Dossiers de la semaine

Données suffisantes

Des professeurs et des tuteurs attentifs savent très bien à quoi s'attendre de leurs étudiants : ils le voient dans leurs réactions, leurs délais de réponse, leurs gestes, leurs constructions, leurs interactions.

Même si on parle d'intuition, ces intuitions sont le plus souvent basées sur des observations précises et sur un jugement appuyé par des années d'expérience. Mais la justesse des intuitions se réduit à mesure que le nombre d'étudiants dans un groupe augmente car les observations deviennent forcément plus espacées et courtes. À l'échelle d'une école ou d'une région, on s'appuie nécessairement sur des impressions et des données très partielles pour décider d'orientations et de politiques.

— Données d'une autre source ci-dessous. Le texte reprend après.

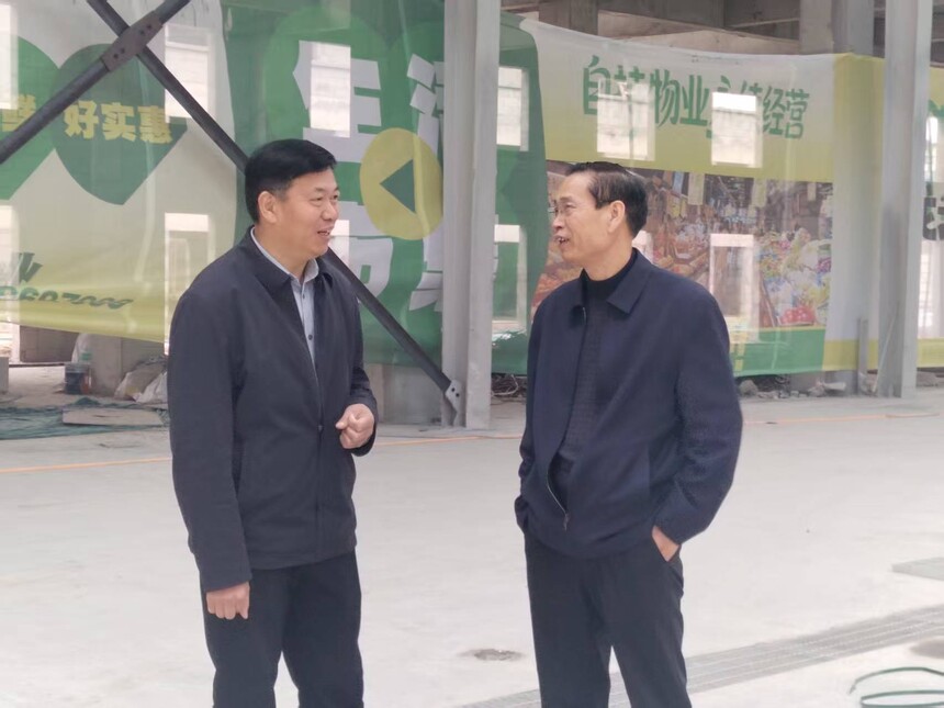 【乡村振兴信息网】(人民摄影网签约摄影师卢班视点摄影报道)“刘会长,这是我们占地150亩的中亿农博城的全部规划。”3月14日上午,洛阳市农副产品行业协会会长,洛阳通河农副产品有限公司董事长刘长河一行四人到偃师区洛阳中亿农博城进行调研,该公司董事长黄显伟等陪同调研。 他们先是对农贸市场行业的发展前景进行了探讨,黄显伟又对中亿农博城的全景规划向刘长河一行做了详细的介绍,最后到施工工地进行了察看。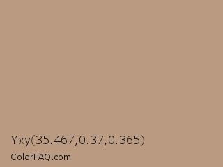 Yxy 35.467,0.37,0.365 Color is a light orange color and the nearest color is Pale Taupe #bc987e. Hex code #ba9b81 and RGB value is rgb(186,155,129). In RGB color space, this color is composed of 73% red, 61% green, 51% blue, In CMYK color space, this color is composed of 0% cyan, 17% magenta, 31% yellow , 27% black , In HSL color space, this color has a hue angle of 27° , 29% saturation and 62% lightness.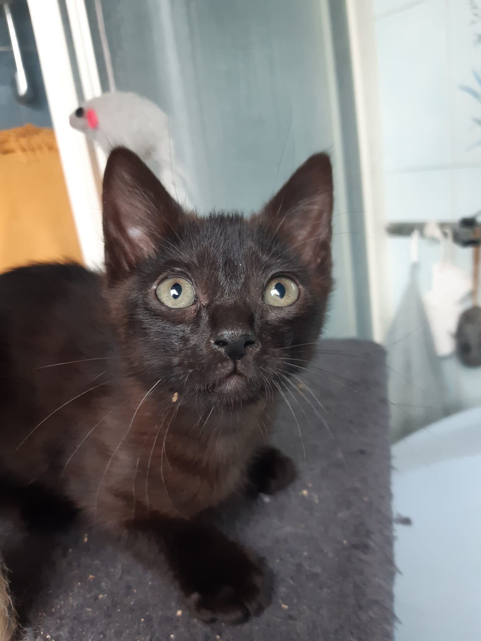 Molette, petite femelle née le 16 mars 2025, 2 jours après avoir sorti sa maman de la rue.

D'un autre coté, les outils numériques permettent de mesurer la durée, la fréquence, la participation aux activités, l'exactitude des réponses attendues, etc. et ce sans limite de nombre, sans fatigue et sans oubli.  On obtient un suivi «objectif» et des quantités de données impressionnantes, données qu'il ne reste plus qu'à mettre en relation et en corrélation. Les gains d'efficacité dans certains cas sont prodigieux; des cours deviennent réellement plus intéressants quand on améliore tout ce qui fait écueil.

Comme vous le découvrirez dans ce dossier, la quantité des données n'est pas pour autant une garantie fiable de ce qui se passe réellement en termes d'apprentissage.  La question demeure toujours «Que mesure t'on véritablement ?».  Un clic est un clic, les neurones ne font pas de bruit. Une réponse juste ne mesure pas au delà de la question posée. La compréhension ne s'enregistre pas sur les disques. 

De là, on constate qu'une méfiance vis à vis des systèmes programmés et décisionnels paraît à propos tant que leurs «algorithmes» ne sont pas connus : savoir ce qui est mesuré et comment les résultats en sont interprétés permet de demeurer maître de ces systèmes, autrement nous en devenons les sujets et en subissons les effets, comme nous le vivons collectivement, par exemple, avec le système financier opaque.  Tomber sous la loi de Pareto ne renforce pas notre autonomie ni ne libère notre potentiel. Apparemment 3 % d'erreur 19 sur 20 nous indique surtout qu'une fois sur 20 il y a quelqu'un qui diverge radicalement.

Ce n'est pas tant la quantité de données qui compte que leur pertinence. La variation d'une donnée est souvent bien plus significative que sa valeur objective. Par dessus tout, la collaboration et la confiance de celui qui fournit les données est ce qui compte en priorité. Un étudiant qui se sent appuyé n'a pas la même attitude que s'il se sent surveillé et jugé.  Dans bien des cas, on possède les données depuis longtemps, comme celles concernant l'éducation des enfants dans le monde. Les faire suivre d'action est un autre défi.

On aimera assurément pouvoir dire à ces systèmes «OK, données suffisantes, maintenant, action».